Romulus, vainqueur d'Acron, porte les dépouilles opimes au temple de Jupiter
Jean Auguste Dominique Ingres (1780–1867)

This Roman calendar started on March 1, the month containing the vernal equinox, and consisted of 10 months:
   Martius (31 days) Honors Mars, god of war (when armies marched off to war)
   Aprilis (30 days) From Latin aperire or “open” (leaf buds are opening)
   Maius (31 days) Honors Maia, Greek goddess of fertility (flowers are blooming)
   Junius (30 days) Honors Juno, goddess of marriage (why we have June weddings)
   Quintilis (31 days) Latin for five (fifth month)
   Sextilis (30 days) Latin for six (sixth month)
   September (30 days) Latin septem or seven (seventh month)
   October (31 days) Latin octo or eight (eighth month)
   November (30 days) Latin novem or nine (ninth month)
   December (30 days) Latin decem or ten (tenth month)
See, September, October, November, and December once did make sense!
Anyway, if you're like me, you'll have added up those numbers and see that they only add up to 304 day. The Romans dealt with this by having an unnamed and unnumbered winter period of about 61 days in the period of time we now call January and February.

King Numa Pompilius conversing with the nymph Egeria in her grotto
Bertel Thorvaldsen (1770-1844)
Around 713 BCE, the legendary(?) second king of Rome (after Romulus), Numa Pompilius, is credited with adding two months to the calendar, altering some of the days of each month, giving the following:
   Ianuarius (29 days) Honors Janus, the two-faced god of gates and doorways
   Februarius (28 days) Latin Februra – a day of purification held during late winter
   Martius (31 days)
   Aprilis (29 days)
   Maius (31 days)
   Junius (29 days)
   Quintilis (31 days)
   Sextilis (29 days)
   September (29 days)
   October (31 days)
   November (31 days)
   December (29 days)
This add up to 355 days, still 10 days off from the length of the solar year.
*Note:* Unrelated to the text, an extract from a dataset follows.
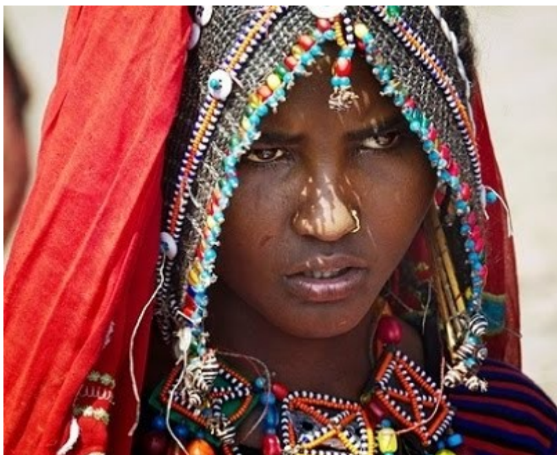
Γυναίκα από την φυλή των Αφάρ.

Ενα κεφάλαιο που αποσκοπεί να ξεκουράσει τον ευγενικό αναγνώστη ενώ μια βαθιά χαρά κατακλύζει το πλούσιο στήθος της συγγραφέως.

To accommodate things, a complicated method was used. For religious reasons, February was split into two parts – days 1 to 23 and days 24 to 28.  Every once in a while, a leap month of 27 days (Mensis Intercalaris) was inserted between the two halves of February.
The decision to add the intercalary month was that of the Pontifex Maximus and done every 2-3 years. This position was a political appointment and many in the position abused their power by lengthening the year when it didn’t need to be in order to keep their political allies in power. By the time Julius Caesar was Pontifex Maximus around 46 BCE, the calendar was almost a full season (80 days or so) off from the date of the Vernal Equinox!